------ DATA EXTRACTS
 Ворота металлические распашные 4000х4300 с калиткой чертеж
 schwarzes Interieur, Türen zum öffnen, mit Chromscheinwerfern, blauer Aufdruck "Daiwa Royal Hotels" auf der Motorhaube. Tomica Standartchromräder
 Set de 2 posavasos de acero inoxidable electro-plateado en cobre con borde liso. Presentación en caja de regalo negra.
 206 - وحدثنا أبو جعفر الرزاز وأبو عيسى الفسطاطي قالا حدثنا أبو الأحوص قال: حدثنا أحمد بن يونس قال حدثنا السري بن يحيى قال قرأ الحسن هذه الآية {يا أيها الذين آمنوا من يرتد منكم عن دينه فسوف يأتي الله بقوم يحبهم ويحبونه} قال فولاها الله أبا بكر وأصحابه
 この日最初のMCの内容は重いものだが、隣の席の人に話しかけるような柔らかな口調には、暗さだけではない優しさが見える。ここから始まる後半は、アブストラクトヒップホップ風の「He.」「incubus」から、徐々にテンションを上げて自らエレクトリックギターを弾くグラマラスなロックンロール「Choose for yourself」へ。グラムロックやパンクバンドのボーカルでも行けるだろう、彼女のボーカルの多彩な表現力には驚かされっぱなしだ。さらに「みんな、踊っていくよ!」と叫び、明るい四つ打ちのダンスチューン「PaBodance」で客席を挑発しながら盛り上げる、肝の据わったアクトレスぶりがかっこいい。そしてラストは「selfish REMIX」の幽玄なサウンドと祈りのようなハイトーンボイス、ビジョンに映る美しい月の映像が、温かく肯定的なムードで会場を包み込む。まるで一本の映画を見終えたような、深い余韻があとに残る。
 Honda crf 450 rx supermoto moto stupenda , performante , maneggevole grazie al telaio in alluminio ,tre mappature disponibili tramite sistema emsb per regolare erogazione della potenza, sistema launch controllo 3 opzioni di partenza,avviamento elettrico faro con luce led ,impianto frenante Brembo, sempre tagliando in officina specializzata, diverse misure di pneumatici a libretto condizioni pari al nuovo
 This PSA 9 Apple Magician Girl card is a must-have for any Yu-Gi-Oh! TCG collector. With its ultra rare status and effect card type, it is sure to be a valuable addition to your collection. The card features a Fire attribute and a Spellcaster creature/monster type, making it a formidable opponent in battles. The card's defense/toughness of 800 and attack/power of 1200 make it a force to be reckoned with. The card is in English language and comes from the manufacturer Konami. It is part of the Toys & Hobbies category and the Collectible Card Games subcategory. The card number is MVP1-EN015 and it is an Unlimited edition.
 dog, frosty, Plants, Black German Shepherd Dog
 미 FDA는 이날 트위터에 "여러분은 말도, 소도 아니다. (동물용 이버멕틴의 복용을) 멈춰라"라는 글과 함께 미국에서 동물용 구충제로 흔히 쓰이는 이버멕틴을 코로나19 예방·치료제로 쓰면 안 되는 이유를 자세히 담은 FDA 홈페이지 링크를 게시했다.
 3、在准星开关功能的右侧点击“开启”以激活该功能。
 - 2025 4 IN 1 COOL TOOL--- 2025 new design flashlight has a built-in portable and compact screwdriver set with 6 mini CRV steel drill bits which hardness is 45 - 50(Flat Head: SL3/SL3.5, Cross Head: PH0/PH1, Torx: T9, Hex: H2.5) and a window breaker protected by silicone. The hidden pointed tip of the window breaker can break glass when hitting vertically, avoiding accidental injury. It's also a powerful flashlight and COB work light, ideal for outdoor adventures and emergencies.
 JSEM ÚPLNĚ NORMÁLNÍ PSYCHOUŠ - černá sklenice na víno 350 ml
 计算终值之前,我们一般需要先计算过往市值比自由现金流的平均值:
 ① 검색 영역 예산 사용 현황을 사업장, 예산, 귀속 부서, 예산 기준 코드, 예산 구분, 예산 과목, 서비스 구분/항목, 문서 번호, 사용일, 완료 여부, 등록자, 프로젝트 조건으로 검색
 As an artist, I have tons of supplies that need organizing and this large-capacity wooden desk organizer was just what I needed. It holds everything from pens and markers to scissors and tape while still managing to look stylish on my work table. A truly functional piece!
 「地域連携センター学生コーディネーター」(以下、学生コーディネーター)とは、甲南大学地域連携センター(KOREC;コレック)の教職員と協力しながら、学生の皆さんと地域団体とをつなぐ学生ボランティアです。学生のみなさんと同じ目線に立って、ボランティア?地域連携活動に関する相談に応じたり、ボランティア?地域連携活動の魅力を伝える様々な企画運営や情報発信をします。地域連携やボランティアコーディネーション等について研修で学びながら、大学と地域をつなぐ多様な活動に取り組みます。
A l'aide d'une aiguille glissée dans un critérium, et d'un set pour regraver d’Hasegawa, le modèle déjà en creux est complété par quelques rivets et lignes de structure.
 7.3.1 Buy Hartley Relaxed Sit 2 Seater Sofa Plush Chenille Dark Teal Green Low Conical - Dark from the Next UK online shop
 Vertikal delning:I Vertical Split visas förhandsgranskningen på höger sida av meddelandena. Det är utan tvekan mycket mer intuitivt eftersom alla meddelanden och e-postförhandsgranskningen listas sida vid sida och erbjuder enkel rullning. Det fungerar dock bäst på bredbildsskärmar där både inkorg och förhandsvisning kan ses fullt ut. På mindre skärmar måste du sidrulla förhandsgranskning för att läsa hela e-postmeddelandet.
------------
Restate the full data above, keeping each word intact.

» EXERCISE RESULT
 Ворота металлические распашные 4000х4300 с калиткой чертеж
 schwarzes Interieur, Türen zum öffnen, mit Chromscheinwerfern, blauer Aufdruck "Daiwa Royal Hotels" auf der Motorhaube. Tomica Standartchromräder
 Set de 2 posavasos de acero inoxidable electro-plateado en cobre con borde liso. Presentación en caja de regalo negra.
 206 - وحدثنا أبو جعفر الرزاز وأبو عيسى الفسطاطي قالا حدثنا أبو الأحوص قال: حدثنا أحمد بن يونس قال حدثنا السري بن يحيى قال قرأ الحسن هذه الآية {يا أيها الذين آمنوا من يرتد منكم عن دينه فسوف يأتي الله بقوم يحبهم ويحبونه} قال فولاها الله أبا بكر وأصحابه
 この日最初のMCの内容は重いものだが、隣の席の人に話しかけるような柔らかな口調には、暗さだけではない優しさが見える。ここから始まる後半は、アブストラクトヒップホップ風の「He.」「incubus」から、徐々にテンションを上げて自らエレクトリックギターを弾くグラマラスなロックンロール「Choose for yourself」へ。グラムロックやパンクバンドのボーカルでも行けるだろう、彼女のボーカルの多彩な表現力には驚かされっぱなしだ。さらに「みんな、踊っていくよ!」と叫び、明るい四つ打ちのダンスチューン「PaBodance」で客席を挑発しながら盛り上げる、肝の据わったアクトレスぶりがかっこいい。そしてラストは「selfish REMIX」の幽玄なサウンドと祈りのようなハイトーンボイス、ビジョンに映る美しい月の映像が、温かく肯定的なムードで会場を包み込む。まるで一本の映画を見終えたような、深い余韻があとに残る。
 Honda crf 450 rx supermoto moto stupenda , performante , maneggevole grazie al telaio in alluminio ,tre mappature disponibili tramite sistema emsb per regolare erogazione della potenza, sistema launch controllo 3 opzioni di partenza,avviamento elettrico faro con luce led ,impianto frenante Brembo, sempre tagliando in officina specializzata, diverse misure di pneumatici a libretto condizioni pari al nuovo
 This PSA 9 Apple Magician Girl card is a must-have for any Yu-Gi-Oh! TCG collector. With its ultra rare status and effect card type, it is sure to be a valuable addition to your collection. The card features a Fire attribute and a Spellcaster creature/monster type, making it a formidable opponent in battles. The card's defense/toughness of 800 and attack/power of 1200 make it a force to be reckoned with. The card is in English language and comes from the manufacturer Konami. It is part of the Toys & Hobbies category and the Collectible Card Games subcategory. The card number is MVP1-EN015 and it is an Unlimited edition.
 dog, frosty, Plants, Black German Shepherd Dog
 미 FDA는 이날 트위터에 "여러분은 말도, 소도 아니다. (동물용 이버멕틴의 복용을) 멈춰라"라는 글과 함께 미국에서 동물용 구충제로 흔히 쓰이는 이버멕틴을 코로나19 예방·치료제로 쓰면 안 되는 이유를 자세히 담은 FDA 홈페이지 링크를 게시했다.
 3、在准星开关功能的右侧点击“开启”以激活该功能。
 - 2025 4 IN 1 COOL TOOL--- 2025 new design flashlight has a built-in portable and compact screwdriver set with 6 mini CRV steel drill bits which hardness is 45 - 50(Flat Head: SL3/SL3.5, Cross Head: PH0/PH1, Torx: T9, Hex: H2.5) and a window breaker protected by silicone. The hidden pointed tip of the window breaker can break glass when hitting vertically, avoiding accidental injury. It's also a powerful flashlight and COB work light, ideal for outdoor adventures and emergencies.
 JSEM ÚPLNĚ NORMÁLNÍ PSYCHOUŠ - černá sklenice na víno 350 ml
 计算终值之前,我们一般需要先计算过往市值比自由现金流的平均值:
 ① 검색 영역 예산 사용 현황을 사업장, 예산, 귀속 부서, 예산 기준 코드, 예산 구분, 예산 과목, 서비스 구분/항목, 문서 번호, 사용일, 완료 여부, 등록자, 프로젝트 조건으로 검색
 As an artist, I have tons of supplies that need organizing and this large-capacity wooden desk organizer was just what I needed. It holds everything from pens and markers to scissors and tape while still managing to look stylish on my work table. A truly functional piece!
 「地域連携センター学生コーディネーター」(以下、学生コーディネーター)とは、甲南大学地域連携センター(KOREC;コレック)の教職員と協力しながら、学生の皆さんと地域団体とをつなぐ学生ボランティアです。学生のみなさんと同じ目線に立って、ボランティア?地域連携活動に関する相談に応じたり、ボランティア?地域連携活動の魅力を伝える様々な企画運営や情報発信をします。地域連携やボランティアコーディネーション等について研修で学びながら、大学と地域をつなぐ多様な活動に取り組みます。
A l'aide d'une aiguille glissée dans un critérium, et d'un set pour regraver d’Hasegawa, le modèle déjà en creux est complété par quelques rivets et lignes de structure.
 7.3.1 Buy Hartley Relaxed Sit 2 Seater Sofa Plush Chenille Dark Teal Green Low Conical - Dark from the Next UK online shop
 Vertikal delning:I Vertical Split visas förhandsgranskningen på höger sida av meddelandena. Det är utan tvekan mycket mer intuitivt eftersom alla meddelanden och e-postförhandsgranskningen listas sida vid sida och erbjuder enkel rullning. Det fungerar dock bäst på bredbildsskärmar där både inkorg och förhandsvisning kan ses fullt ut. På mindre skärmar måste du sidrulla förhandsgranskning för att läsa hela e-postmeddelandet.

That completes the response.